**INSTRUCTIONS TO FOLLOW:**
Please set down only the lines below starting with the line with "伝説のあだ名 | 『解き放たれた僧侶さとうりゅうのすけ』 |" and going on through the line with "With 144 LED", verbatim and without pictures.

*** Opening of SOURCE INFORMATION ***

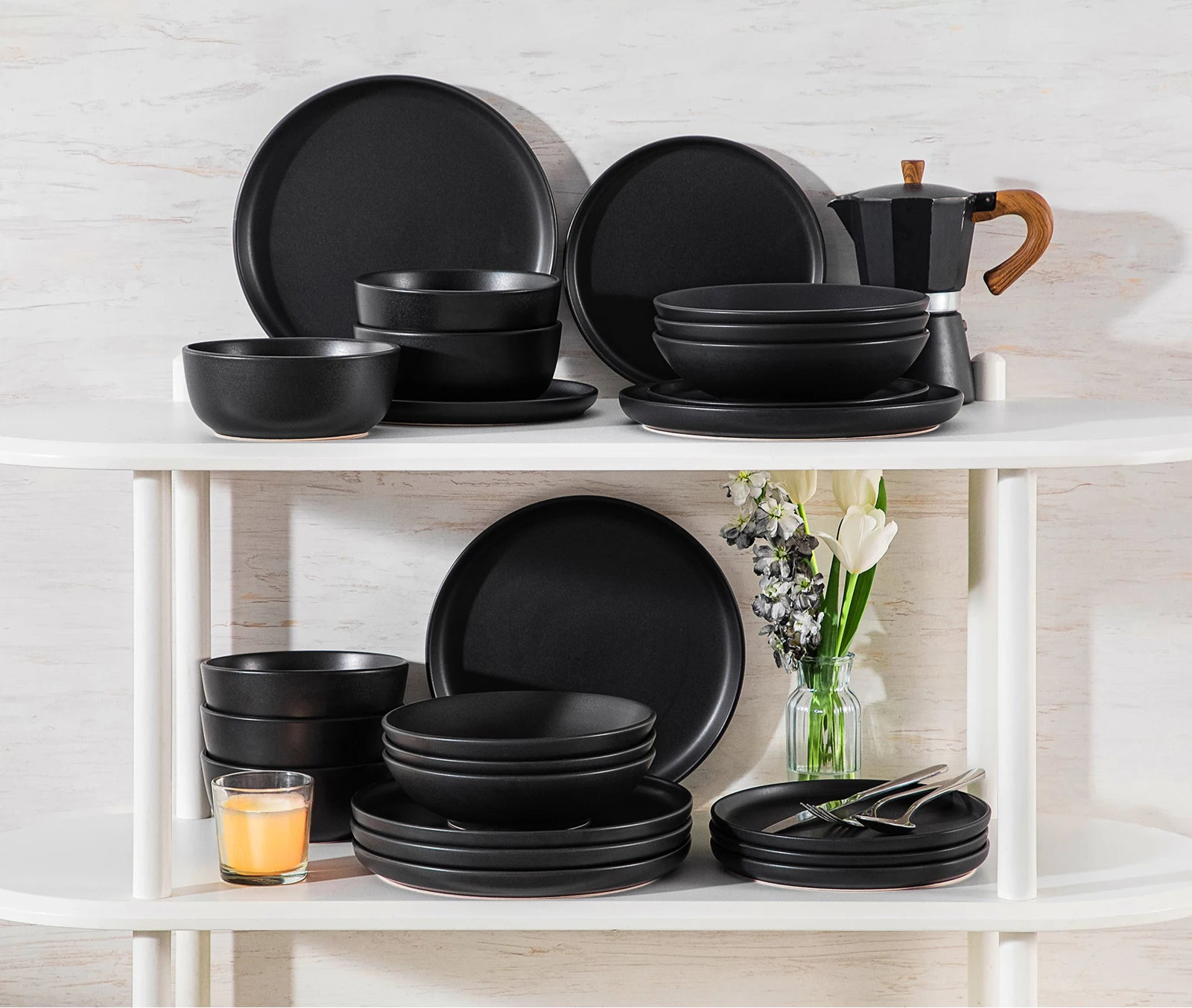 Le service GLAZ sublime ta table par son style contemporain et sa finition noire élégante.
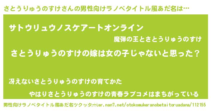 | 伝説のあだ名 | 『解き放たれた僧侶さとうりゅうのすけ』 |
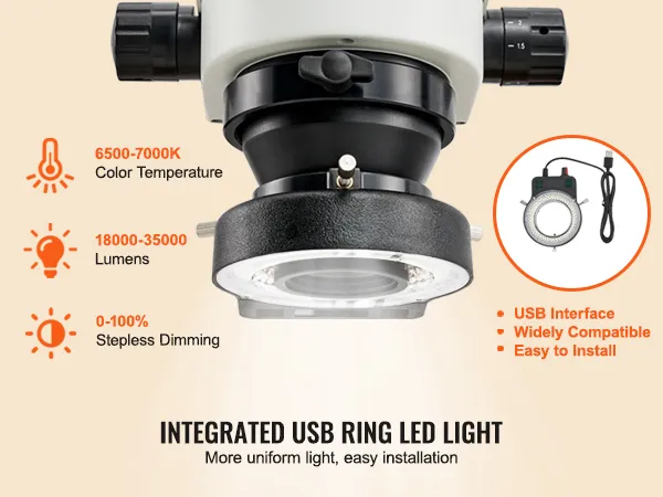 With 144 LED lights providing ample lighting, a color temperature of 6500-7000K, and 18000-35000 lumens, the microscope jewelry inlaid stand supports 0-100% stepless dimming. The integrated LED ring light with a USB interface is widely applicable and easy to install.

*** Close of SOURCE INFORMATION ***
*** Opening of SOURCE INFORMATION ***

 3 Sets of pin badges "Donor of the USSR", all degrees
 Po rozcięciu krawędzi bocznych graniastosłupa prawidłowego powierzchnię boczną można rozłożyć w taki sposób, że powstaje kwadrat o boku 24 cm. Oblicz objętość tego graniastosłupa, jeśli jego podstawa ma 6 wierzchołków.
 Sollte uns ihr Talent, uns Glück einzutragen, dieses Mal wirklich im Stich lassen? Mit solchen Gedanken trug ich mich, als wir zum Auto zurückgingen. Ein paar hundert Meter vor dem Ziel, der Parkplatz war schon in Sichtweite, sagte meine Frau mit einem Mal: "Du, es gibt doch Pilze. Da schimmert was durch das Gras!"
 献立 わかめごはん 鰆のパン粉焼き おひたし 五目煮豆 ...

*** Close of SOURCE INFORMATION ***
*** Opening of SOURCE INFORMATION ***

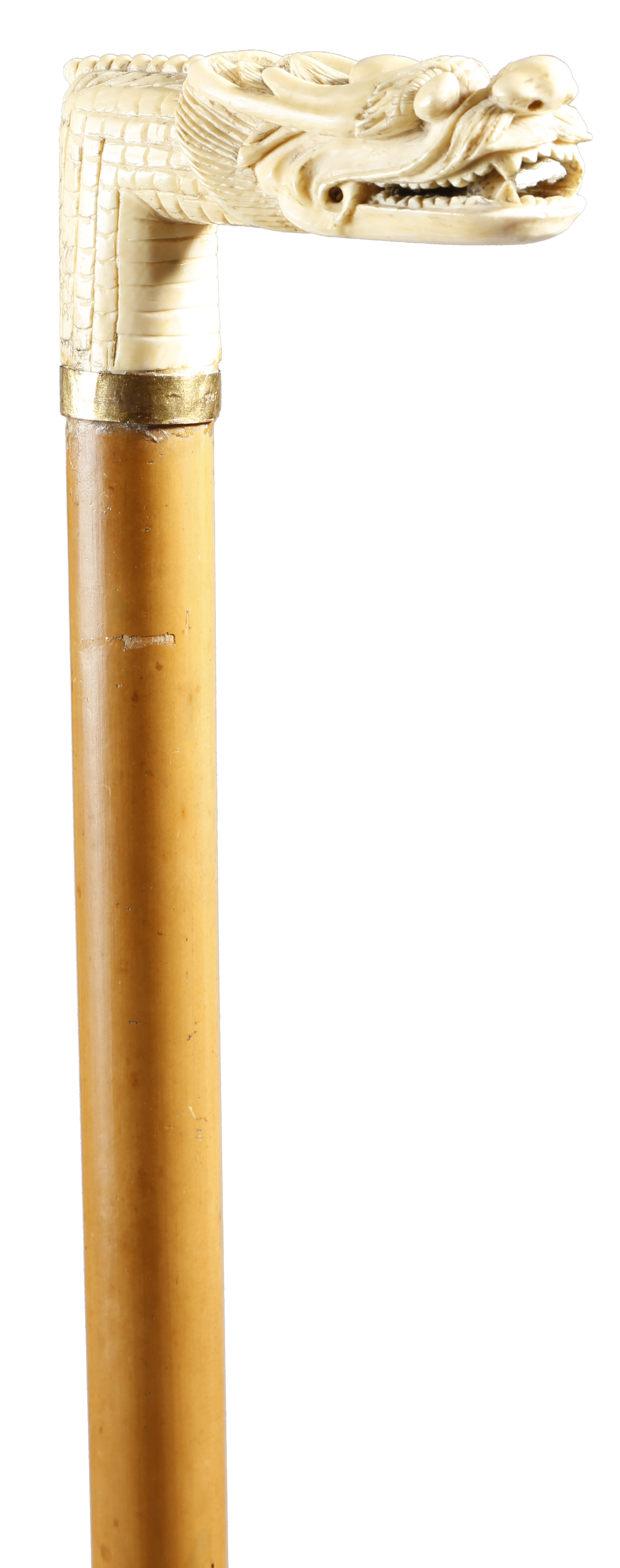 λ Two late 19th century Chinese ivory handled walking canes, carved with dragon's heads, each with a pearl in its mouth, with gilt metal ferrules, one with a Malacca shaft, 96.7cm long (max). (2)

*** Close of SOURCE INFORMATION ***

**REPLY TO THE EXERCISE:**
 | 伝説のあだ名 | 『解き放たれた僧侶さとうりゅうのすけ』 |
 With 144 LED lights providing ample lighting, a color temperature of 6500-7000K, and 18000-35000 lumens, the microscope jewelry inlaid stand supports 0-100% stepless dimming. The integrated LED ring light with a USB interface is widely applicable and easy to install.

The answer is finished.